CITATION: R. v. A.F., 2026 ONSC 1806
ONTARIO
SUPERIOR COURT OF JUSTICE
BETWEEN:
HIS MAJESTY THE KING
– and –
A.F.
Defendant
K. Dowling, for the Crown
J. Miglin, for the Defendant
HEARD: February 27, 2026 by videoconference
MCCARTHY J.
1A.F. (“the Defendant”) appears before me today for sentencing.
The Convictions
2On December 16, 2025, the Defendant was found guilty of the following offences in line with the verdict of the jury:
Count
Offence
Criminal Code section
1
Human trafficking (over 18)
279.01(1)
2
Receiving a benefit knowing that it was derived from human trafficking (over 18)
279.02(1)
3
Procuring, aiding or exercising control, direction or influence over someone providing sexual services (over 18)
286.3(1)
4
Receiving a benefit knowing that it was derived from sexual services (over 18)
286.2(1)
5
Advertising sexual services
286.4
7
Assault
266
3The Defendant was found not guilty of Counts 6 and 8: choking (s. 267(c)) and uttering threats (s. 264.1(1)(a)).

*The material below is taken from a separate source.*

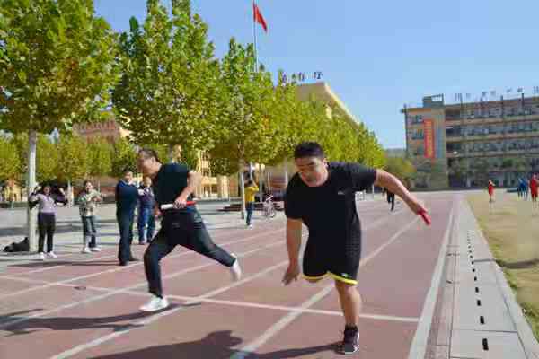 跑道上,1500米长跑、800米短跑、4×100接力先后展开,运动员争先恐后、力争冠军。文化站选手郭力印颇有拼搏精神,在4×100接力赛的最后一棒冲刺时,由于速度过快,惯性使得他一下子扑倒在地,虽然擦伤了腿和手,他仍然“轻伤不下火线”,坚持参加完报名的其他项目。

4The victim in question was T.J.D. (“the victim”). The facts underlying the jury verdict were that the Defendant first encountered the victim in the early spring of 2023. The Defendant aided with the victim’s entry into the sex trade, helping her to book hotel rooms, post ads and photos, set rates, and to both attract, arrange, and marshal client visits.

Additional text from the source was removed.